At least, this is my interpretation. I'm not affiliated with the project in any way. Just a fan.



"But I'm not brilliant, and I don't have a lot of energy, and so I'm also grateful there exists an operating system I can understand, and other people who continue to work to make that operating system useful."

Writing correct, efficient C takes more years to master than people take to learn Rust that I've seen. Also, the C compiler and many other parts of OpenBSD are black boxes to their developers. Your worries apply equally to their situation unless you've read and understood all their dependencies. On top of it, the OpenBSD people are always rewriting stuff for claimed benefits in maintainability or security. It's just when we talk a safe, systems language that can be as simple as a Wirth language or complex as Rust they suddenly can't justify the effort of even piecemeal replacement.

Then, next week, they'll put piles of effort into a mitigation across their toolchain whose benefits are so probabilistic even they can't tell you what attacks will fail or succeed. It's worth it, though, to improve their security standpoint. Unlike the pain of recoding even one utility in something like Rust. That's where this email draws the line.

Of course, I encourage people to do exactly what he asks every time another BS argument is raised. He's worried about drawbacks of a non-C language? Make something like Cyclone or get a Wirth language better at selectively turning off safety compiling to C w/ great C FFI. He's worried about compile times? Fix the compiler. He says utilities aren't rewritten in the better language? Rewrite them showing its advantages esp against the bug reports in OpenBSD's tracker. Just keep pounding away at the problems until he runs out of excuses to import stuff or is extra clear they simply don't like language/method X for arbitrary reasons. Regardless, you get a pile of safe utilities/modules for OpenBSD to do useful things on top of fast, safe tooling. Win, win. :)

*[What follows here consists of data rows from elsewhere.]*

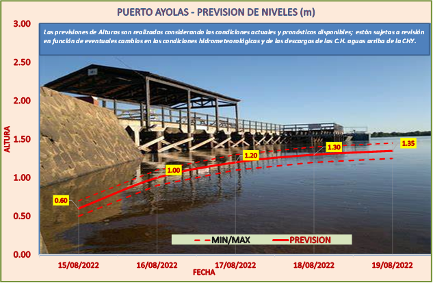 Las previsiones de Alturas son realizadas considerando las condiciones actuales y pronósticos disponibles y están sujetas a revisión en función de eventuales cambios en las condiciones hidrometeorológicas y de las descargas de las C.H. aguas arriba de la CHY.
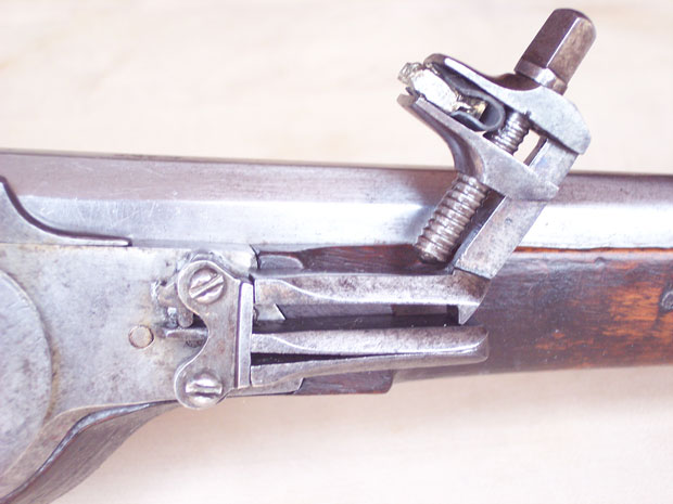 Auf der Laufunterseite auch ein weiteres Zeichen: eine vom Schäfter mit Feilstrichen erzeugte römische Sieben. Diese Art der Markierung wird bisweilen bei Militärwaffen aus größeren Manufakturen angetroffen und hat ihre Bedeutung darin, daß meist größere Mengen von Läufen als Lot an die häufig außerorts tätigen Schäfter geliefert wurden. Dieser zeichnete dann die roh angepassten Schäfte mit den Läufen übereinstimmend zusammen, um späteren Verwechslungen nach der Feinbearbeitung vorzubeugen (s. gleichartige Markierungen Suhler Radschlosspistolen bei Hermann Historica, 39. Auktion, Los Nr. 2245 und 43. Auktion, Los Nr. 1762).
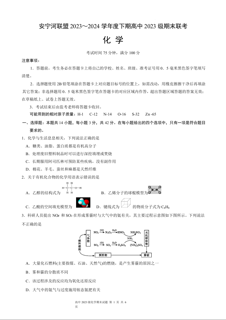 四川省凉山彝族自治州安宁河联盟2023-2024学年高一下学期期末考试化学
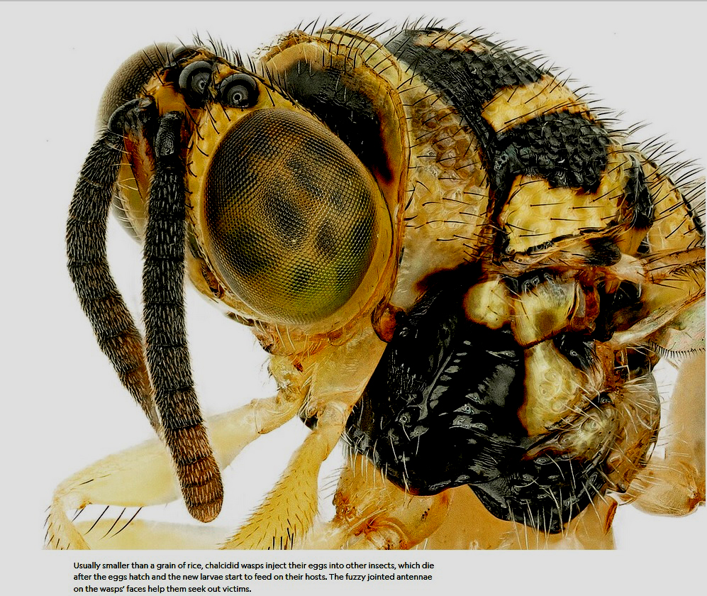 Eine Erzwespe von der Größe eines Reiskorns. Sie legen ihre Eier in andere Insekten.

Alternatively, contribute those ports to OS's that want to bring in best-of-breed tooling for boosting safety and security. They're usually smaller, less mature, and need all the help they can get.


My impression is that the Rust developers and community are firmly in the practical camp. They will keep plowing at Rust and its ecosystem. They will improve and optimize every nook and cranny they can find.

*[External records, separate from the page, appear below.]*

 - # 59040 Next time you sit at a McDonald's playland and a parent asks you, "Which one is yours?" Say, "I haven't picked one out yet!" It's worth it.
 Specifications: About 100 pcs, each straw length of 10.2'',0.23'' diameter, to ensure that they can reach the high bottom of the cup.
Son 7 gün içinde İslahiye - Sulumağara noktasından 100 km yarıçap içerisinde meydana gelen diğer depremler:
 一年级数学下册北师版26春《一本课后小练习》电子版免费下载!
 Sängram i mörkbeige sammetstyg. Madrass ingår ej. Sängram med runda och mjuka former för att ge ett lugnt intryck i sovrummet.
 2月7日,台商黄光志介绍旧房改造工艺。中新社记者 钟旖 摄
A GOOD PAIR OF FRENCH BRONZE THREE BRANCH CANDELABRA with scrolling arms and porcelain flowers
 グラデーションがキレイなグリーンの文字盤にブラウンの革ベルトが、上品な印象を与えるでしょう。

I wouldn't be too worried about Rust, it will have a niche at least as big as Ruby's is and IMO it will be way more entrenched since its target domain moves way slower and the barriers to entry are way higher than for scripting languages and web frameworks, IMO.


>He's worried about compile times? Fix the compiler.

If it were that simple, the compiler wouldn't be slow in the first place. Rustc and ghc have both been too slow to be usable their entire lives. There doesn't seem to be any reason to believe they can be made fast enough to consider using.


> The system being secure is a secondary benefit to it being comprehendible and coherent to an individual.

This is a really interesting and compelling philosophy to me, but it’s the first time I’ve heard OpenBSD described this way! Why is this not mentioned on the project’s homepage?



Nothing in that list says anything about being "comprehendible and coherent to an individual". I'd agree those are useful and good things, but security is indeed mentioned and emphasized there, and not as being secondary to aesthetic concerns.


As regards understandability and minimising "magic boxes", this means it's pretty much just core OpenBSD (kernel & base system). The moment you add the usual desktop environments or a huge monolith like Firefox, you've lost these benefits. Same with drivers. More drivers you have, more the system becomes byzantine. Keeping things minimal and well designed yet useful must be a continuing challenge for OpenBSD!


1) I Think Firefox is already pledged. Firefox 57 is in current, built with Rust.

2) Nothing wrong with kernel and base. It provides the kernel, clang, X.org, documentation and BSD-games, among the rest of Unix tools.

3 The drivers are in base and NOT in a module form, as the GNU/Linux crap with incompatible vendor releases and binary blobs tied to a version.


Hah. Going by the "anything you compile with a magic box becomes itself a magic box" argument, even the OpenBSD base is a magic box as soon as you run it on an x86 machine.